What is a Going Concern?
Hi guys , today we would be taking a look at the going concern concept in accounting and symptoms of impending going concern problems and how they can be mitigated. Now, let’s begin with the concept idea of going concern. According to the international standards on Auditing No 570, going concern is fundamental in the accounting profession. The going concern concept assumes that the client’s business will be in operational existence for the foreseeable future with neither the intention nor the necessity of liquidation ceasing trading or seeking protection from creditors in compliance with laws or regulations.
The underlying assumption of the going concern concept is that the organization will be able to generate enough income to write off the associated expenditure at least within the next twelve months. This implies that the organization’s financial statements (Income statement and statement of financial position) do not have any intention to significantly curtail the scale of operations or to signify a shutdown of the business.
The shutdown of a company doesn’t just appear out of the blues, the company would have been showing prior indications way before any thought of a shutdown. These indications could be:
- Inability to pay its debt as and when they fall due (Financial factors). This could be as a result of the following:
- Low liquidity ratio
- High gearing ratios
- Gross recurring losses or increasing operating losses.
- Heavy dependence on short term funds for long term needs
- Excessive investment in stocks
- Existence of long overdue creditors
- Financing out of long overdue creditors
- Dividends in arrears
- Default on loan or similar agreements
- Borrowings in excess of limits imposed by debenture trust deeds
- Diminishing relationships with bankers
- Declining profitability
- Change from credit cash on delivery transactions with suppliers
The above symptoms can be mitigated by the company’s ability to generate sufficient cash flows which could be done in any way or the combination of the following ways:
- Dispose of assets without adversely affecting operations
- Reschedule existing facilities
- Obtain financial assistance from banks or sister companies without adversely gearing
- Lease assets rather outright purchase
- Postpone the replacement of assets
- Raise additional capital by means of fresh issue or right issue
- Rollover of existing loan facilities
- Problems that raise questions about the continuation of business other than financial (Qualitative factors):
- Loss of a key management staff
- Strikes and other work stoppages
- Heavy dependence on the success of a new product or asset
- Heavy dependence on the success of a new product or asset
- Excessive reliance on a supplier or customer
- Loss of a key franchise or patent
- Political risk
- Undue influence by market dominant competitor
- Technological developments that render a key product obsolete.

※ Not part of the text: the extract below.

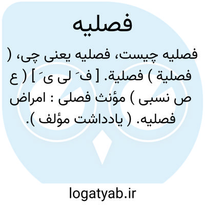 ( فصلیة ) فصلیة. [ ف َ لی ی َ ] ( ع ص نسبی ) مؤنث فصلی: امراض فصلیه. ( یادداشت مؤلف ).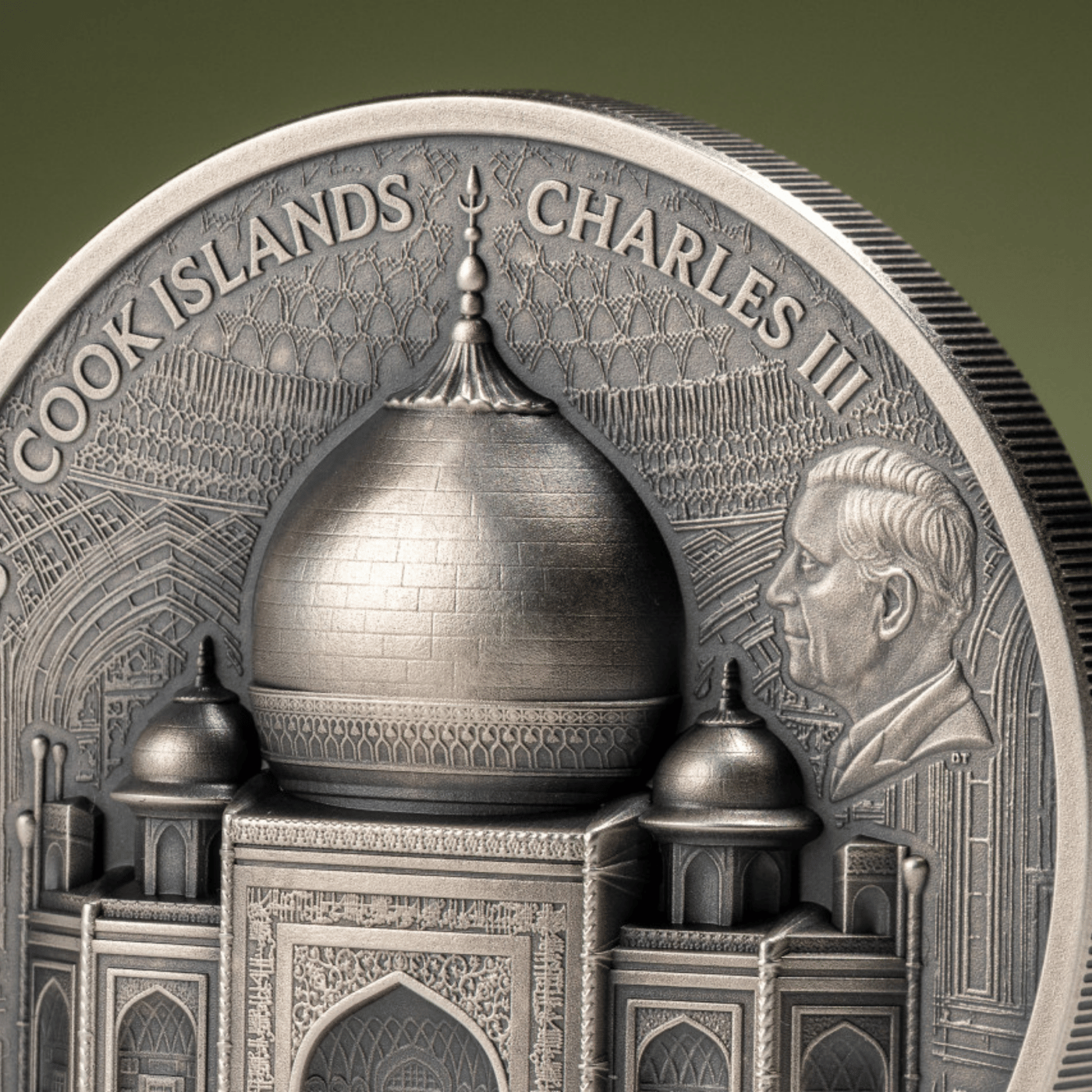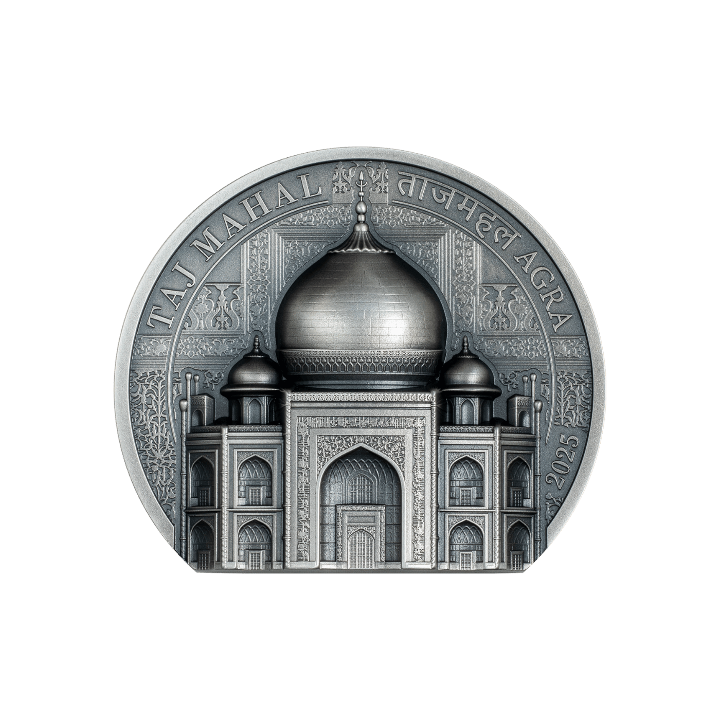 Completed in 1648, the Taj Mahal in Agra, India, was built by Shah Jahan in memory of his wife Mumtaz Mahal. Its iconic white marble dome, intricate minarets, and gemstone inlays attract millions of visitors annually. This freestanding coin, the 4th in the series, features ultra-high relief and antique finish, showcasing the Taj Mahal‘s architectural brilliance and interior views of the tomb. A numismatic masterpiece celebrating eternal love.

The above qualitative symptoms can be mitigated by the company’s ability to take alternative courses of action which could include:
- Finding an alternative market where a key supplier or customer or franchise is lost
- Employment of the right personnel with the requisite qualifications and experience where a key management staff is lost
- Embarking on diversification exercise
- Keeping abreast with technological developments.
- Taking alternative courses of action in respect of resources.